Через два дня в Ленинский пошла санитарная колонна – забирать раненых. Обычно каждая часть возила своих раненых на своём транспорте, но в этот раз случилось так, что какой-то полк остался совсем без техники – всё подбили и сожгли. Я отправилась с ними.
Дом наш стоит на пересечении Спокойной и проспекта Кирова. Мои родители живут неподалёку. Спокойная улица – сейчас это звучит дико…
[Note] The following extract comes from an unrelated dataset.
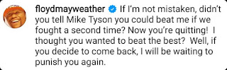 “If I’m not mistaken, didn’t you tell Mike Tyson you could beat me if we fought a second time? Now you’re quitting! I thought you wanted to beat the best? Well, if you decide to come back, I will be waiting to punish you again.”
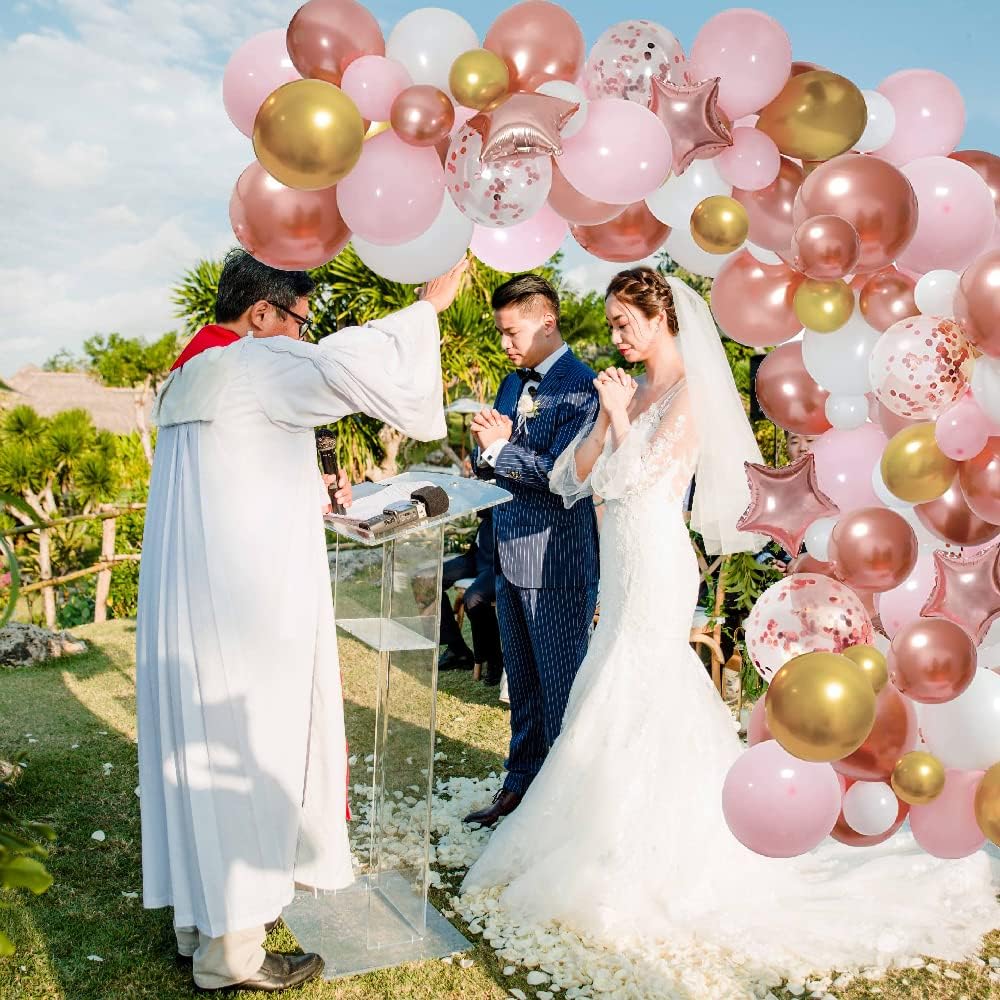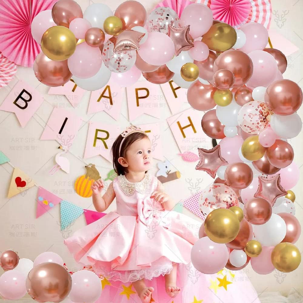 Rose Gold Balloon Garland Arch Kit with Pink, Gold & White Balloons, 120-Piece Set, Includes Metallic & Confetti Balloons, DIY Party Decoration for Birthday, Wedding, Baby Shower & Events

Свой дом я не узнала. В квартире был разгром, как будто там побывало племя варваров. Дом был наполовину разрушен, несколько квартир вообще перестали существовать. Примерно такая же картина была в доме моих родителей – всё разгромлено, разграблено, только сам дом остался цел. Нашла соседей: на подвальной двери они повесили табличку «Люди!!!» и сидели там безвылазно, опасаясь, что в любой момент может прилететь артиллерийский снаряд. Спросила про родителей, люди стали отводить глаза… Сосед Хафиз – инвалид Отечественной войны – сказал, что их похоронили в парке Кирова. До кладбища не добраться, там сейчас всех хоронят…
Я не поверила. Подумала, что он бредит – он старый, не только ногу на войне потерял, но ещё и контуженый.
– Их русские убили, – подтвердила Фатима – соседка сверху. – Они дверь не открывали. Русские думали – боевики там. Сломали дверь, бросили гранату, потом стреляли. Они были как будто сумасшедшие. Говорили, что у них какого-то командира убили и теперь всех нас казнят за это…
Целые сутки я была в ступоре. Сидела в углу, уронив голову на грудь, и молчала – у меня отнялась речь. Соседи пытались меня кормить, давали воду, я ничего не хотела. Я просто не могла в это поверить. Не укладывалось в голове, что русские солдаты могли такое сделать. Я помогала их раненым, сама наполовину русская, наполовину москвичка, мать у меня русская. Получается, что они в своих же стреляют?! Такого просто не могло быть…
Через сутки я очнулась и отправилась искать Султана – последнюю ниточку, связывающую меня с этим страшным городом. Добраться до родителей Султана не представлялось возможным: у них дом в Черноречье, это далеко, и на этом участке как раз шли активные боевые действия. Пошла по соседним подвалам, стала спрашивать, может, кто-нибудь что-то знает.
Кто-то сказал – его отряд в Старопромысловском. Отряд?! Ну да, отряд. Он же командир отряда. Значит, должен находиться с отрядом.
Вот так, значит… Всё-таки командир. Выходит, права была бабкина подруга. Никаких дел у него тут не было, он просто воевал с русскими. Могла бы сразу догадаться: комбинат на Старых Промыслах, значит, и отряд где-то неподалёку…
Дождавшись утра, я взяла с собой воды и хлеба и пешком отправилась на поиски мужа. Мне опять сказали, что я самоубийца. Но мне было всё равно.
Старопромысловский – это, в общем-то, недалеко. Я там часто бывала вместе с мужем. В мирное время служебной «Волге» Султана нужно было всего пятнадцать минут, чтобы доставить нас туда. Водитель мужа, Ахмед, с ветерком пролетал через все светофоры, и спустя пятнадцать минут мы въезжали во двор комбината.